… sets first private owned ‘Bad Bank’

Ecobank Transnational Incorporated (ETI) plc has released its audited full-year results for the financial year ended December 31, 2016, announcing a loss after taxation of N53 billion.
The bank also announced a loss before tax of N33.7 billion, representing 183 percent decline against Profit Before Tax (PBT) of N40.59 billion in 2015.
The bank said the year-end bottom-line performance was impacted by its voluntary adoption of a full impairment charge “regarding our legacy loan portfolio, for which a resolution vehicle was set up, the first private sector funded resolution vehicle of its kind in Nigeria, with the sole objective of ring-fencing the legacy loans from Nigeria’s core bank.”
“The financial results show the benefits of progress of our strategy but also reflect the frustrating reality of poor financial performance in announcing a loss before tax of $131 million and revenue of $2 billion,” Ade Ayeyemi, group CEO, Ecobank Transnational Incorporated said in a note. 
He said, “This, among others, would allow management to focus on delivering results. Our business philosophy was founded on international best practice in terms of accounting and asset quality, so whilst the impairment charge has impacted our earnings, our accounting treatment has been for the right reasons and we are in better shape for the future as a result.”
“Our Group revenues remained resilient despite a tough year of macro-economic headwinds including a weaker economic environment, particularly in Nigeria, and the strengthening of our reporting currency – the US dollar – against all African currencies particularly the Nigerian Naira where 40 percent of the Group’s revenues have historically been generated”, he said.
In Naira terms, the Pan African lender reported gross earnings increase by 23 percent to N665 billion, from N542.706 billion in 2015, according to the results at the Nigerian Stock Exchange (NSE).
The Francophone West Africa and Anglophone West Africa regions continued to perform positively generating over 40 percent of the Group’s revenues.
The group operating profit before impairment losses increased by 29 percent to N188.6 billion, up from N146.04 billion in 2015.

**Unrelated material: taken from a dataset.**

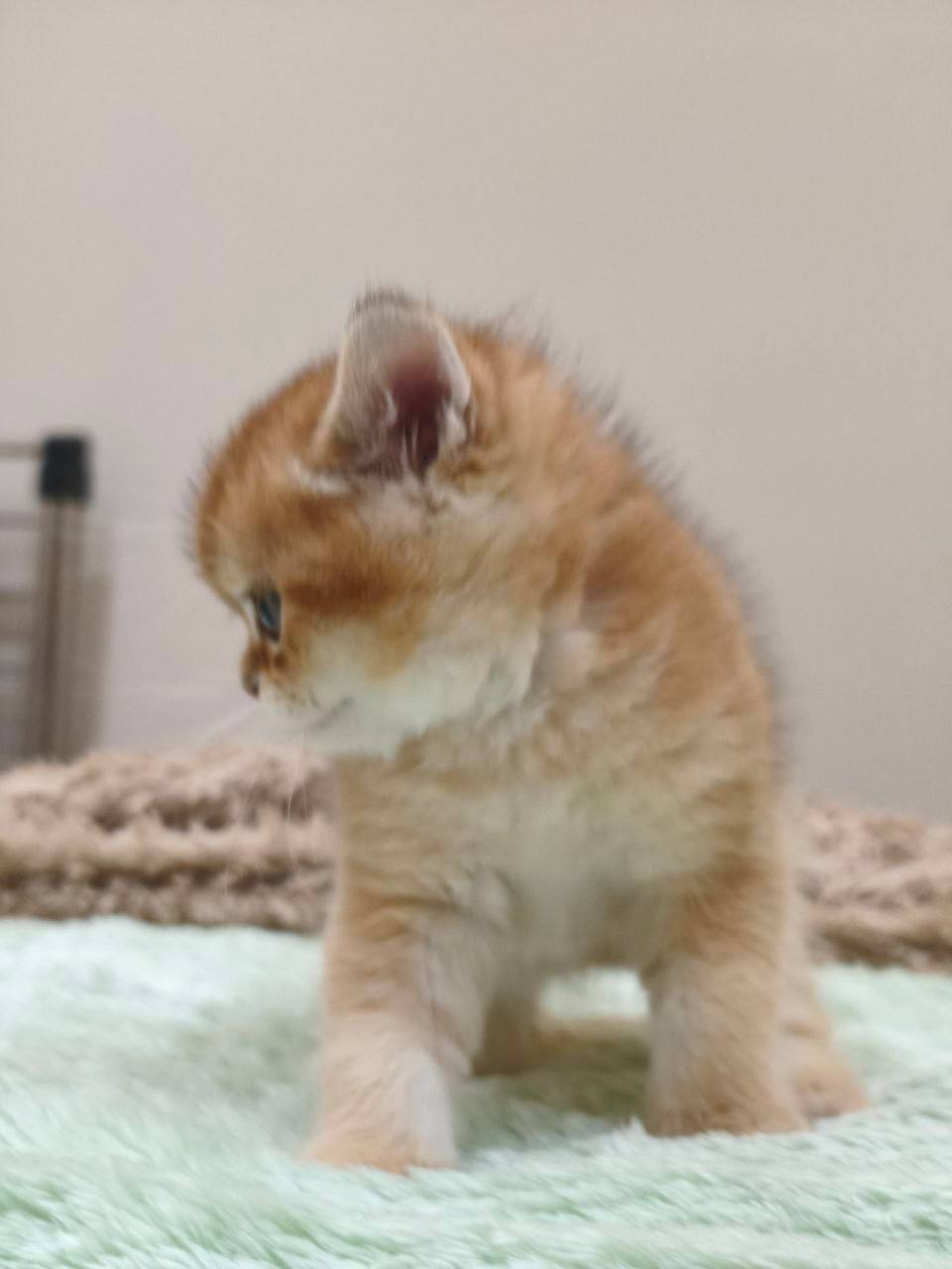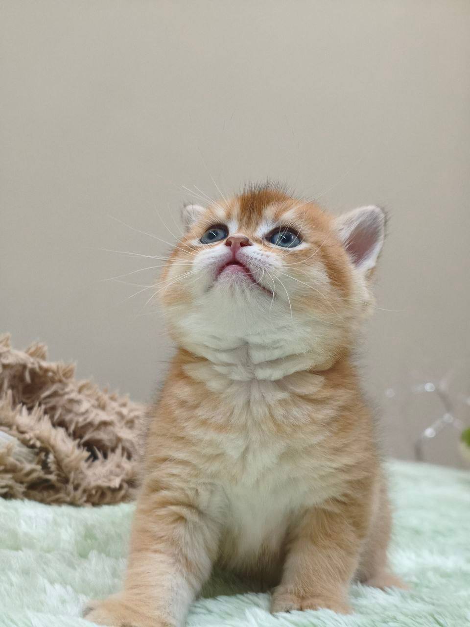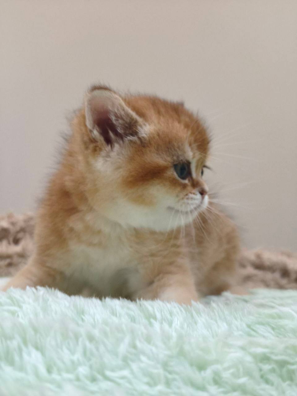 Meet Gucci, a truly remarkable young kitten who embodies all the most desirable traits of the British Shorthair breed. At just 1.5 months old, Gucci is already a standout specimen, boasting a rare and radiant gold coat that sets him apart from the more common blue or lilac varieties often associated with the British Shorthair. This golden hue gives him a regal, sun-kissed appearance that is sure to capture the heart of any feline enthusiast. As a male, he is expected to grow into the sturdy, muscular, and “cobby” frame that the British Shorthair is world-renowned for, complete with those iconic chubby cheeks and large, expressive eyes that define the breed’s “teddy bear” look.

Total assets grew by 33 percent to N6.255 trillion. Loans and advances to customers rose by 27 percent to N2.824 trillion from N2.232 trillion in 2015. Deposits from the bank’s customers increased by 26 percent to N4.1 trillion, from N3.2 trillion in 2015; while total equity increased by 7 percent to N538 billion from N502.8 billion in 2015.
The bank’s CEO also announced plans for a $400 million convertible bond issue.
 “The funds from our proposed $400m convertible bond issue will be used sensibly and profitably, of which $200m would be used to repay the short-term financing used in setting up the resolution vehicle. The remaining $200m is for a conscious debt restructure of the maturity profile of the ETI Holdco balance sheet. We are delighted to have very high subscription levels to the issue from existing shareholders, in the region of $300m. The conversion price of the offer is 6 USD cents compared to a current price of 3 USD cents with an interest rate of 6.46 percent above LIBOR.”
Meanwhile, Nedbank which controls 20 percent equity of ETI Plc yesterday in a voluntary announcement relating to the release of 2016 Ecobank Transnational Incorporated financial results said it is currently not part of existing investors who have indicated appetite for ETI’s $300mn funding “as bond’s commercial terms do not meet required internal rate of return (IRR).”
“Good businesses should always match operational expansion with cost control, and this is a fundamental belief of ours which we practise. We maintain our cautious stance on lending in this challenging period, but will continue to implement a number of exciting new customer initiatives such as our pan-African banking app and leveraging our blue-chip partnerships to benefit our customers across 40 countries.
“As the gateway to global trade finance in Africa, the role we are playing at the centre of the intra-Africa trade and cash management for governments, corporate clients, suppliers and distributors will benefit the economies in which we operate and consequently the income of Ecobank”, the group CEO said.
“Pre-impairment income (PPI) for FY16 was broadly flat from prior year period, driven by currency translation effects, particularly as the US dollar appreciated about 50percent against the Nigerian Naira. In constant currency terms PPI increased 17% YoY, reflecting higher revenue growth compared with expenses growth. Pre-tax Loss $131 million, attributable to higher loan impairment charges in 4Q16 related to the legacy loan portfolio”, said Greg Davis, Group chief financial officer (CFO), ETI Plc.
He said ETI customer loans were flat year-on-year (YoY) in dollar terms reflecting the bank’s strategy to deliberately curb lending. “Customer deposits were marginally down on constant currency, driven by heightened competition in deposit markets”, Davis said.